**The problem**:
Set down all of the data exactly. Pictures stay out of the copy.

===== Supplied information =====

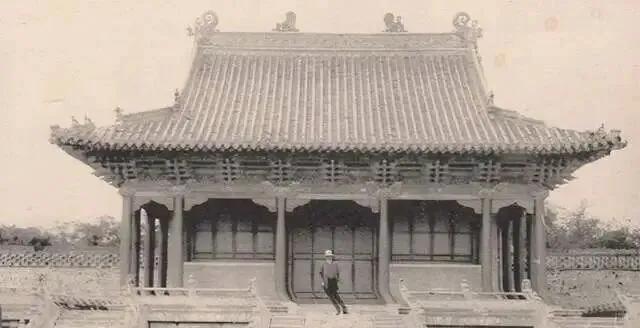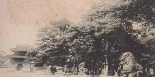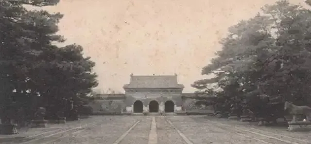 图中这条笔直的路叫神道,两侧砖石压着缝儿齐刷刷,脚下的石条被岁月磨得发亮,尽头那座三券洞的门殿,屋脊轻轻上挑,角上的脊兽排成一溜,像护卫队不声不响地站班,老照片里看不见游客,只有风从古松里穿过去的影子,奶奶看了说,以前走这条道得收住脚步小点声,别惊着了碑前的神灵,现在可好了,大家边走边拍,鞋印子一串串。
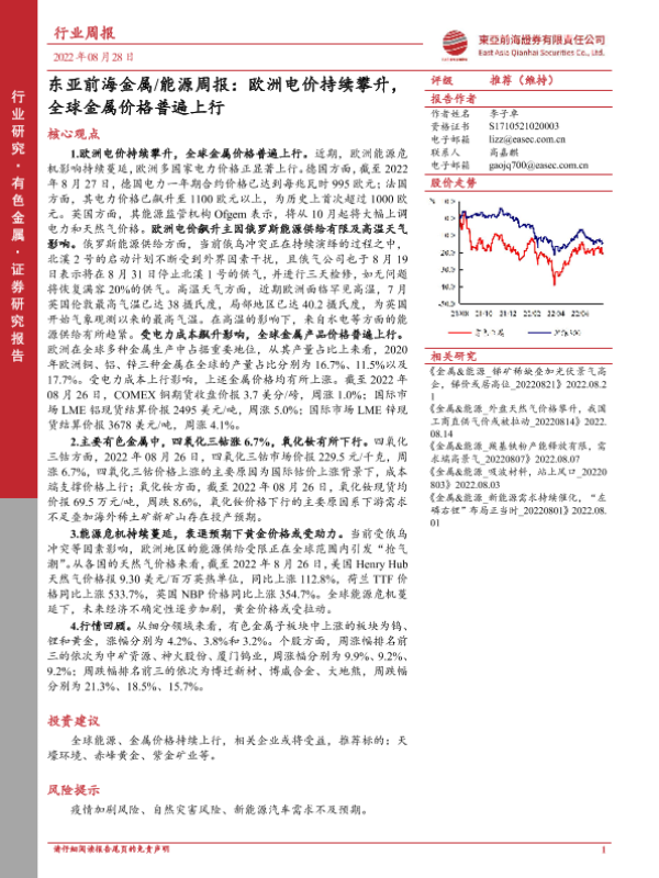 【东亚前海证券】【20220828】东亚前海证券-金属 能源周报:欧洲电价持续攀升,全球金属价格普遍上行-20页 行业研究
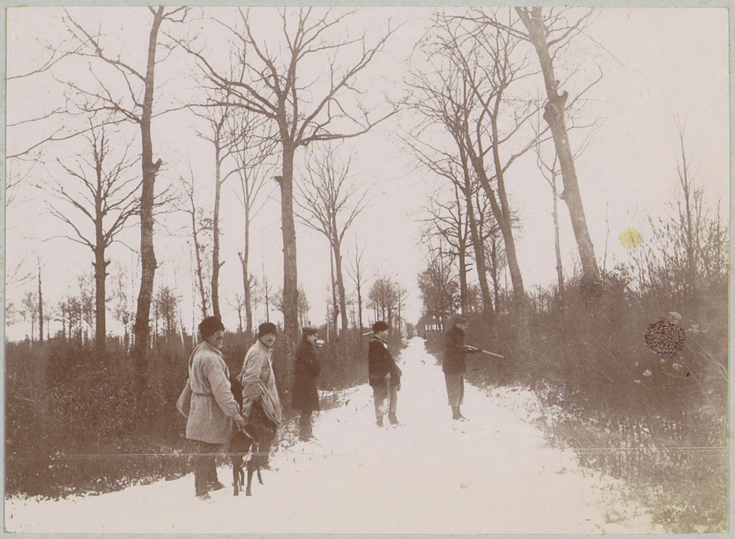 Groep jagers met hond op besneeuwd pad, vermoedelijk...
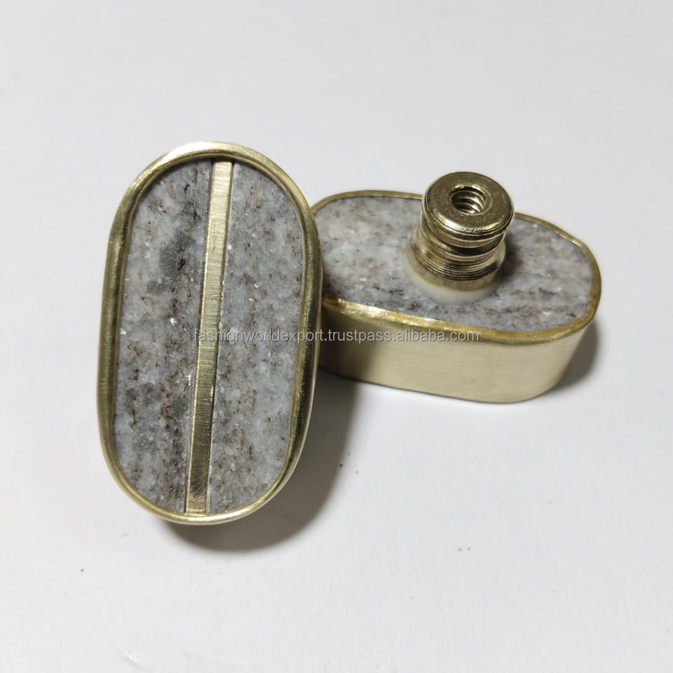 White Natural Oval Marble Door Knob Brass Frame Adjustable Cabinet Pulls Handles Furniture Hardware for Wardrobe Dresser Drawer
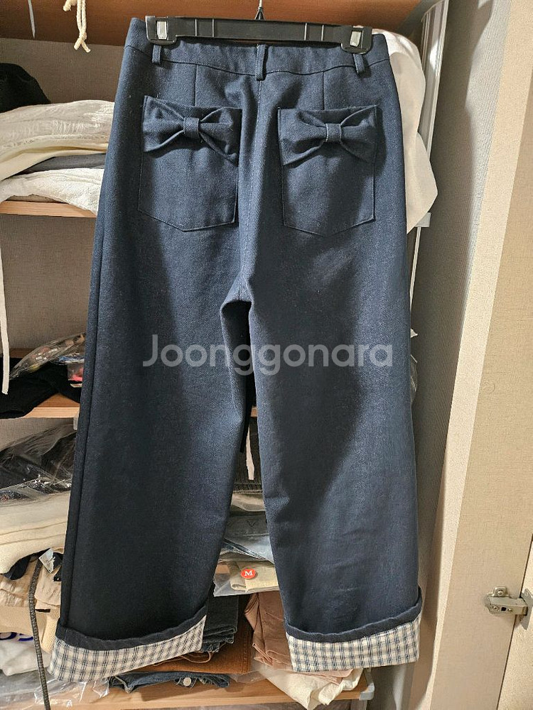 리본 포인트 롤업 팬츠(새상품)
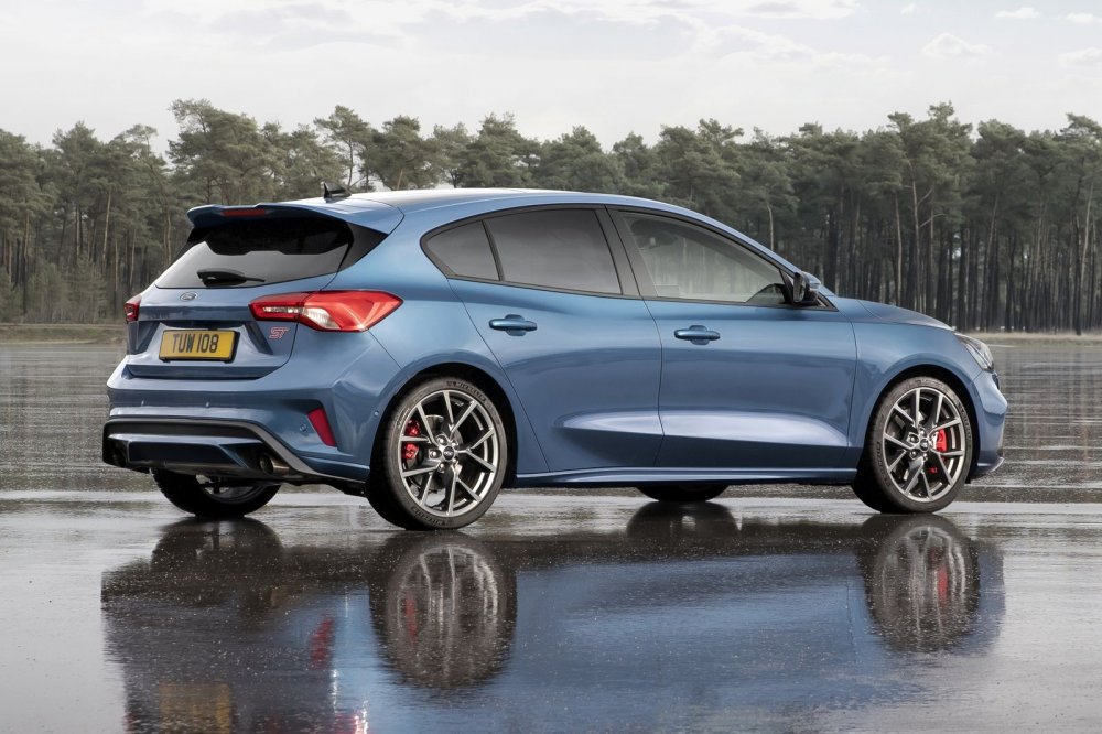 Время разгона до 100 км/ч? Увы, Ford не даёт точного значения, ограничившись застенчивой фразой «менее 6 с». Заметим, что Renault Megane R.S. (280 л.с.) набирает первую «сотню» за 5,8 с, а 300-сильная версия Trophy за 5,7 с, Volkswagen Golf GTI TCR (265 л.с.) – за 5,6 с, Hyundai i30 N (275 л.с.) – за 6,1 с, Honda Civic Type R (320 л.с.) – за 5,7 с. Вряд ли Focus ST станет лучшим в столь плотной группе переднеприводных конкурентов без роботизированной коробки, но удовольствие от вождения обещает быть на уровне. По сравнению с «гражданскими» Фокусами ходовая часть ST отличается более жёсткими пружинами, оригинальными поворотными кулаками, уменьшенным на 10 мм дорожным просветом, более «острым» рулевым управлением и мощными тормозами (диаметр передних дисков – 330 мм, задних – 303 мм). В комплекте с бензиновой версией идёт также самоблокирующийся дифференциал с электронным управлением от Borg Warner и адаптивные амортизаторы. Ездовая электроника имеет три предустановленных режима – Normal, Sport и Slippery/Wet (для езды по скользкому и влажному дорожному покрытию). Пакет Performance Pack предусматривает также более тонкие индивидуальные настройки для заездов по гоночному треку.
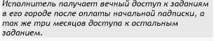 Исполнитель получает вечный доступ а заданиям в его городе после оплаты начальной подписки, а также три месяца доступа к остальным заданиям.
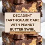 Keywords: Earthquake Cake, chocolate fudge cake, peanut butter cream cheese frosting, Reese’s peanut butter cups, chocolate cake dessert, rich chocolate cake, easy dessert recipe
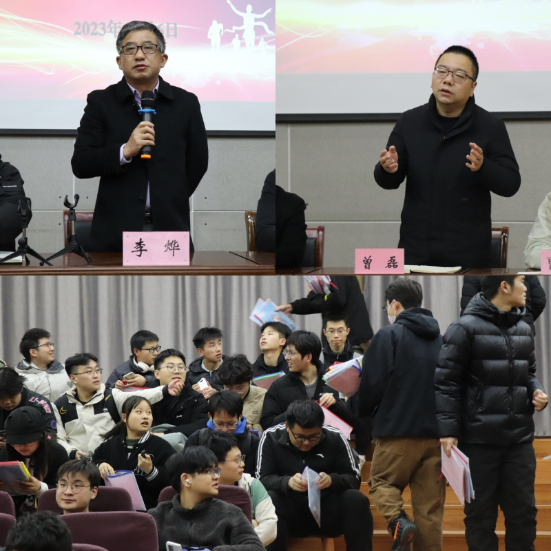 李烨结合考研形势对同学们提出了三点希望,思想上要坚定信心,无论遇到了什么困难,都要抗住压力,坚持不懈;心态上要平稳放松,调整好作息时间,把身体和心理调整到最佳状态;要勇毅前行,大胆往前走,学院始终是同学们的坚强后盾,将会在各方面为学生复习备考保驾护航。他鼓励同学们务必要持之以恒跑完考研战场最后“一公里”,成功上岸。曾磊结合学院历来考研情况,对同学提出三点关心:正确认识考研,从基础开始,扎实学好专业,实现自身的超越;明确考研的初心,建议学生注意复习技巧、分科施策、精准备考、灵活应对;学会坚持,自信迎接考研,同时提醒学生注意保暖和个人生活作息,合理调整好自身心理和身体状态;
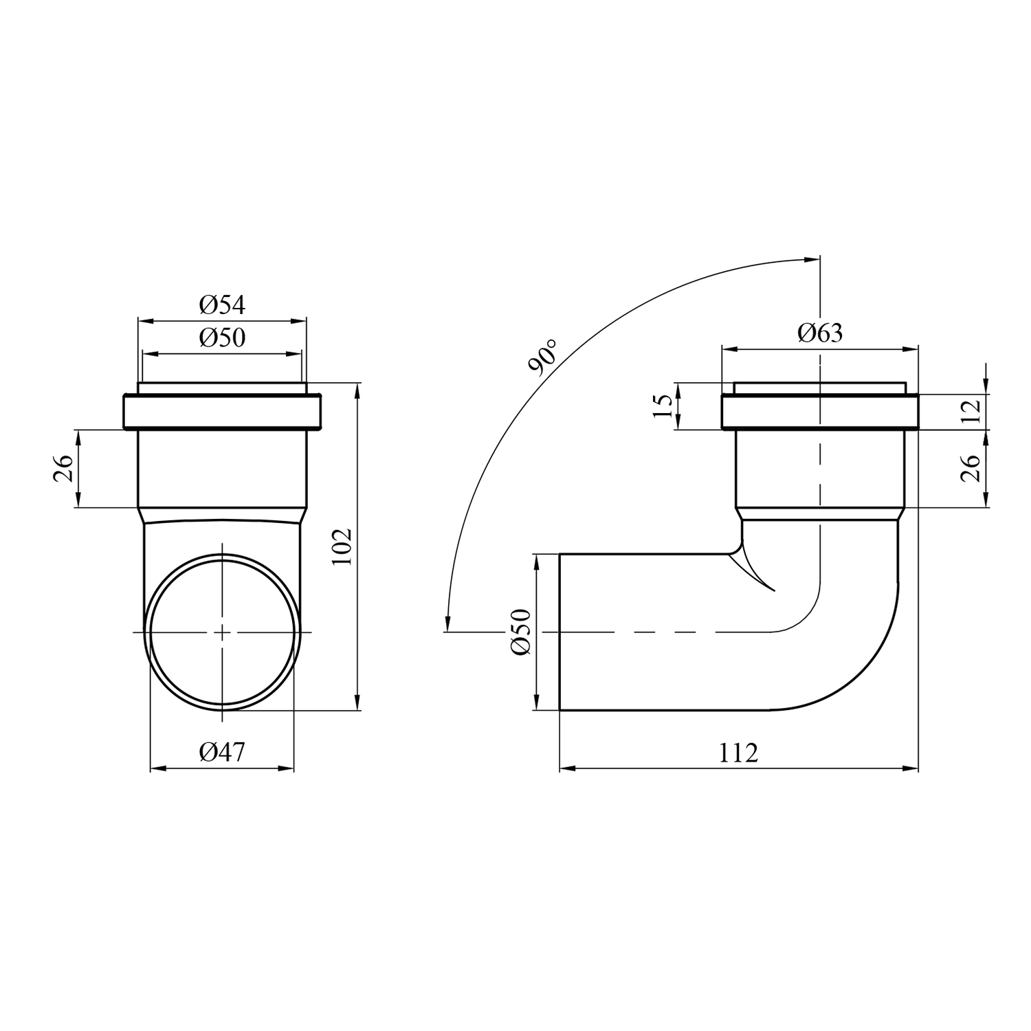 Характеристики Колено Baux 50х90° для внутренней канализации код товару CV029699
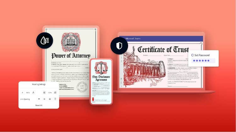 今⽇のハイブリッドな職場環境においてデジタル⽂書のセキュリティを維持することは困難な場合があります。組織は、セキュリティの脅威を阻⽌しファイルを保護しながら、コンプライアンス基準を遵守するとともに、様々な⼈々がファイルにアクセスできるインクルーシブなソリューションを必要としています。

=====

**Solution below**:
 图中这条笔直的路叫神道,两侧砖石压着缝儿齐刷刷,脚下的石条被岁月磨得发亮,尽头那座三券洞的门殿,屋脊轻轻上挑,角上的脊兽排成一溜,像护卫队不声不响地站班,老照片里看不见游客,只有风从古松里穿过去的影子,奶奶看了说,以前走这条道得收住脚步小点声,别惊着了碑前的神灵,现在可好了,大家边走边拍,鞋印子一串串。
 【东亚前海证券】【20220828】东亚前海证券-金属 能源周报:欧洲电价持续攀升,全球金属价格普遍上行-20页 行业研究
 Groep jagers met hond op besneeuwd pad, vermoedelijk...
 White Natural Oval Marble Door Knob Brass Frame Adjustable Cabinet Pulls Handles Furniture Hardware for Wardrobe Dresser Drawer
 리본 포인트 롤업 팬츠(새상품)
 Время разгона до 100 км/ч? Увы, Ford не даёт точного значения, ограничившись застенчивой фразой «менее 6 с». Заметим, что Renault Megane R.S. (280 л.с.) набирает первую «сотню» за 5,8 с, а 300-сильная версия Trophy за 5,7 с, Volkswagen Golf GTI TCR (265 л.с.) – за 5,6 с, Hyundai i30 N (275 л.с.) – за 6,1 с, Honda Civic Type R (320 л.с.) – за 5,7 с. Вряд ли Focus ST станет лучшим в столь плотной группе переднеприводных конкурентов без роботизированной коробки, но удовольствие от вождения обещает быть на уровне. По сравнению с «гражданскими» Фокусами ходовая часть ST отличается более жёсткими пружинами, оригинальными поворотными кулаками, уменьшенным на 10 мм дорожным просветом, более «острым» рулевым управлением и мощными тормозами (диаметр передних дисков – 330 мм, задних – 303 мм). В комплекте с бензиновой версией идёт также самоблокирующийся дифференциал с электронным управлением от Borg Warner и адаптивные амортизаторы. Ездовая электроника имеет три предустановленных режима – Normal, Sport и Slippery/Wet (для езды по скользкому и влажному дорожному покрытию). Пакет Performance Pack предусматривает также более тонкие индивидуальные настройки для заездов по гоночному треку.
 Исполнитель получает вечный доступ а заданиям в его городе после оплаты начальной подписки, а также три месяца доступа к остальным заданиям.
 Keywords: Earthquake Cake, chocolate fudge cake, peanut butter cream cheese frosting, Reese’s peanut butter cups, chocolate cake dessert, rich chocolate cake, easy dessert recipe
 李烨结合考研形势对同学们提出了三点希望,思想上要坚定信心,无论遇到了什么困难,都要抗住压力,坚持不懈;心态上要平稳放松,调整好作息时间,把身体和心理调整到最佳状态;要勇毅前行,大胆往前走,学院始终是同学们的坚强后盾,将会在各方面为学生复习备考保驾护航。他鼓励同学们务必要持之以恒跑完考研战场最后“一公里”,成功上岸。曾磊结合学院历来考研情况,对同学提出三点关心:正确认识考研,从基础开始,扎实学好专业,实现自身的超越;明确考研的初心,建议学生注意复习技巧、分科施策、精准备考、灵活应对;学会坚持,自信迎接考研,同时提醒学生注意保暖和个人生活作息,合理调整好自身心理和身体状态;
 Характеристики Колено Baux 50х90° для внутренней канализации код товару CV029699
 今⽇のハイブリッドな職場環境においてデジタル⽂書のセキュリティを維持することは困難な場合があります。組織は、セキュリティの脅威を阻⽌しファイルを保護しながら、コンプライアンス基準を遵守するとともに、様々な⼈々がファイルにアクセスできるインクルーシブなソリューションを必要としています。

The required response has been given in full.